The growing backlash against plastic waste has a new target: paper coffee cups.
Paper cups sourced from sustainable forests have for years been hailed as a more environmentally friendly option than plastic foam, with Dunkin’ Brands Group Inc. and McDonald’s Corp. recently pledging to switch to paper.
But paper cups are attracting new scrutiny, because they contain a tightly bonded plastic lining that needs to be separated before the paper can be recycled. The process requires specialized facilities, meaning most cups, even if put in the recycling bin, end up as trash. The issue is gaining attention as consumer awareness rises about how plastic water bottles, bags, straws and other products used just once before being thrown away are ending up in oceans and hurting the environment.

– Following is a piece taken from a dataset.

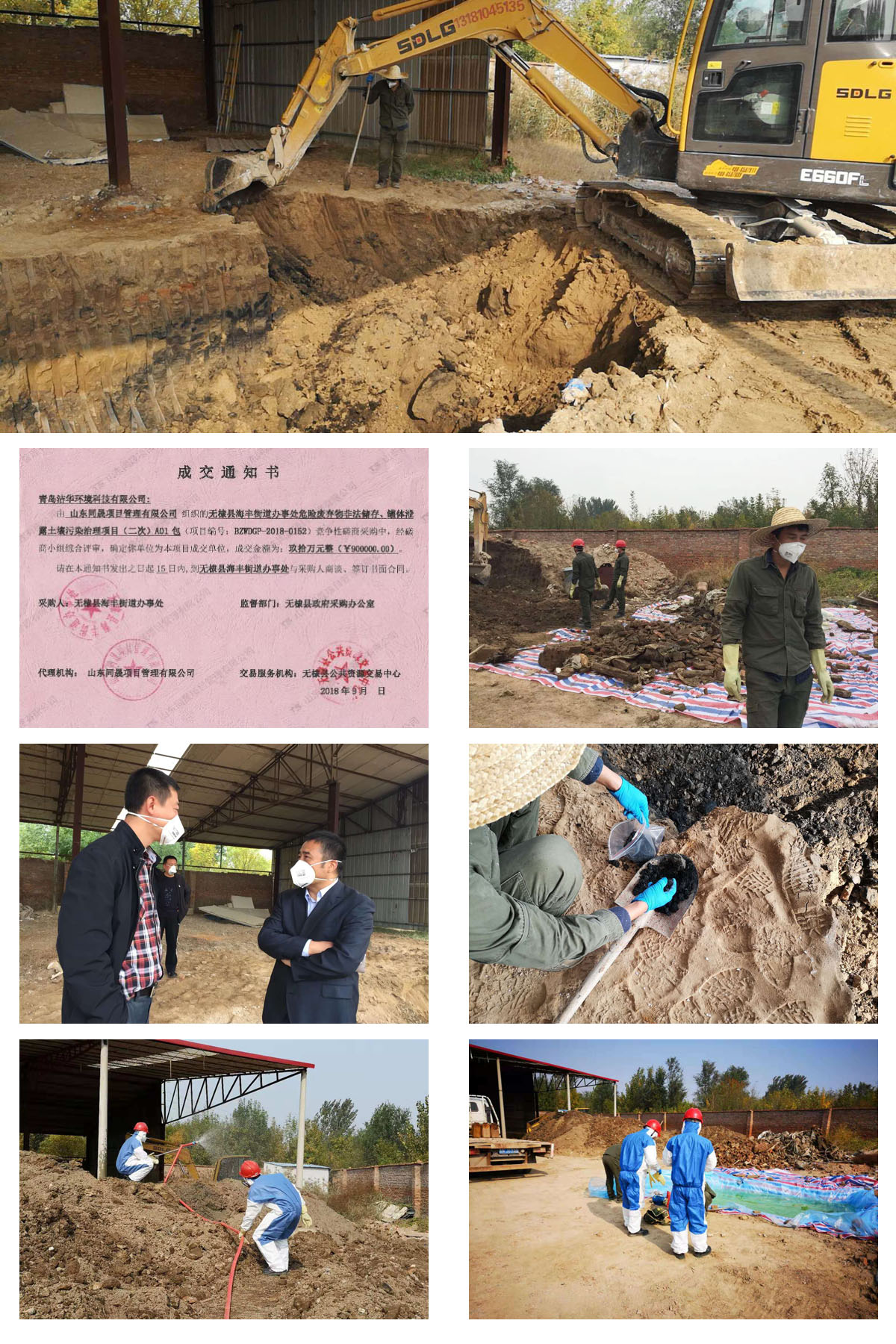 2018年9月27日与山东省滨州市无棣县海丰街道办事处签订该办事处代家村合同金额为90万元的危险废弃物非法储存、罐体泄露土壤污染治理项目,仅用时70天完成该项目污染土壤186方约240吨及残留的1.5吨废弃危险废物桶的治理,并协助当地环境保护主管部门参与到该项目法律诉讼之中。

The makers of paper cups defend their products, saying the focus should be on ensuring they are properly recycled. The cups must be collected separately so they can be trucked to facilities that have the ability to separate the lining from the paper.
“There is the capability to recycle a paper cup in its current form; it’s just getting the product to our paper mills that’s the challenge,” said Stefan Pryor, market sector manager for U.K. paper mill James Cropper PLC.
Still, the pushback against paper cups has grown, especially in Europe. Starbucks this summer started charging a five pence (7 cent) levy for paper cups in the U.K., a world first for the chain. British lawmakers this year suggested a levy on disposable coffee cups or even an outright ban in the next five years if recycling targets can’t be met.